Sushi is about as traditional Japanese as you can get and is made with such eminently non-vegetarian fillings as octopus, crab, prawn and eel. Here in Mumbai, apart from those, you now get veg-only versions with mushrooms, bell peppers and cucumber.
It happens to any foreign food introduced to India – it quickly spawns a veg version, and sushi, it turns out, was similarly fated.
We’ve seen this Indianisation before with pizza when it first arrived in Mumbai in the ’80s – it was made with that plump bread base topped with cheese that wouldn’t melt, (they didn’t notice that quirk for the next 10 years) and layered with a tomato base made either with pumpkin sauce or spiked with garam masala.
|Chef Francisco Balanquit of Tiffin, with his veg sushi platter|
Before that, Chinese food was similarly altered for Indian tastes and the indeginsation bubbles on at the hundreds of street-side Chinese stalls that dot the city.
And so vegetarian sushi, with stuffing like green asparagus, cucumber, Japanese black mushroom, Philadelphia cream cheese, avocado, bell peppers and tofu, all finished with seaweed and sticky vinegar rice.
“Our menu spans sushi with its traditional seafood fillings as well as its Indian version with vegetarian fillings,” says Aditya Kilachand, partner, Tetsuma, which has a lavish vegetarian spread.
The fare here is freshly rolled and uncomplicated. Kilachand tells us about new arrivals like Inari, a Nobu-style sushi comprising tofu pockets stuffed with rice and bamboo shoots. And for purist sushi souls, these to can be spiked with wasabi, which the Japanese say feels like the kick of a mule.

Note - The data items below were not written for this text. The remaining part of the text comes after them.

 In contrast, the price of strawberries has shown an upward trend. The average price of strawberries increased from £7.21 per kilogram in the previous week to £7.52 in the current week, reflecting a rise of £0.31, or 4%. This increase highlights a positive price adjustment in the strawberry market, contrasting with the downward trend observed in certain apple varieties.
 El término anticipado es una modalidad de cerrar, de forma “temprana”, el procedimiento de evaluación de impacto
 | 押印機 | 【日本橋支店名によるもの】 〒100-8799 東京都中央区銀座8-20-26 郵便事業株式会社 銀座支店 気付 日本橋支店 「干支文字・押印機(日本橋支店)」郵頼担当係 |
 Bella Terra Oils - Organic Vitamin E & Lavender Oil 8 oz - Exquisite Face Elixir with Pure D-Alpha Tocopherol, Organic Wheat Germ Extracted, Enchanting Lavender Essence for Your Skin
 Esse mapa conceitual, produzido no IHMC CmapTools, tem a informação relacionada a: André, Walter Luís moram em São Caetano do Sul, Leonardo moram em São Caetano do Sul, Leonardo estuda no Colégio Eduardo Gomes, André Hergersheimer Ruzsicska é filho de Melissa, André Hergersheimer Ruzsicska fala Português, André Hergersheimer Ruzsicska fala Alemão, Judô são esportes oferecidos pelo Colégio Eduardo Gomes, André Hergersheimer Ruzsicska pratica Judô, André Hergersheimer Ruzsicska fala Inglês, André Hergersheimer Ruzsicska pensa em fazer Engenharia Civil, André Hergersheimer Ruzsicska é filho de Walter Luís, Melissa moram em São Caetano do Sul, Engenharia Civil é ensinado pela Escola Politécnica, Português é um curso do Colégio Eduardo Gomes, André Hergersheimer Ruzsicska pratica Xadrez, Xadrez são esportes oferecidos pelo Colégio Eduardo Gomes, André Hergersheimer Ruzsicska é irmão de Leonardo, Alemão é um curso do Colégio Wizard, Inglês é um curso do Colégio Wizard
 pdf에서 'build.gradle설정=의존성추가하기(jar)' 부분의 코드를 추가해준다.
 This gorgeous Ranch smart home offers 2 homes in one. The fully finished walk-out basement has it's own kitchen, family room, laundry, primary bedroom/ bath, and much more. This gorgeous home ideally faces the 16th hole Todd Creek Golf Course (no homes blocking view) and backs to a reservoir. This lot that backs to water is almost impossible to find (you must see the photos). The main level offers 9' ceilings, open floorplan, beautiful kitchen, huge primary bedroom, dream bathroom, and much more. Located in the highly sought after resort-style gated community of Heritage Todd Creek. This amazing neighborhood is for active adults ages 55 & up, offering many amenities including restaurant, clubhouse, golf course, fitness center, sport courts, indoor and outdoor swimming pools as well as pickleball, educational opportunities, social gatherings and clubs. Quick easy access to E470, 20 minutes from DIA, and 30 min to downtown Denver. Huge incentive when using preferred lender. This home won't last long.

Everyone from J W Marriott’s Spices to trendy standalones like Busaba, Zenzi, Japengo Café and Origami now offer this delicate hand crafted preparation in vegetarian guise.
“A vast and ever growing majority of our diners are either turning vegetarian or already are for religious reasons,” says executive chef Matthew Cropp of The Oberoi. “Hence there is a need to offer this fare in a slightly altered form to appease clients,” he finishes.
A large number of chefs never liked it when diners would ask them to make, say, their pomodoro spicy enough for Indian palates. “I dislike it when people ask for add-ons, sides and toppings to continental meals that are typically light on flavour,” says executive chef Hemant Oberoi of Taj Mahal Palace and Towers.
Chefs like him found a solution in a standard set of flavour boosters: spicy paprika, a tub of oregano and that dependable little bottle of McIlhenny’s Tabasco sauce – which they placed on each table. If diners wanted their Continental slaughtered, they have to do it themselves.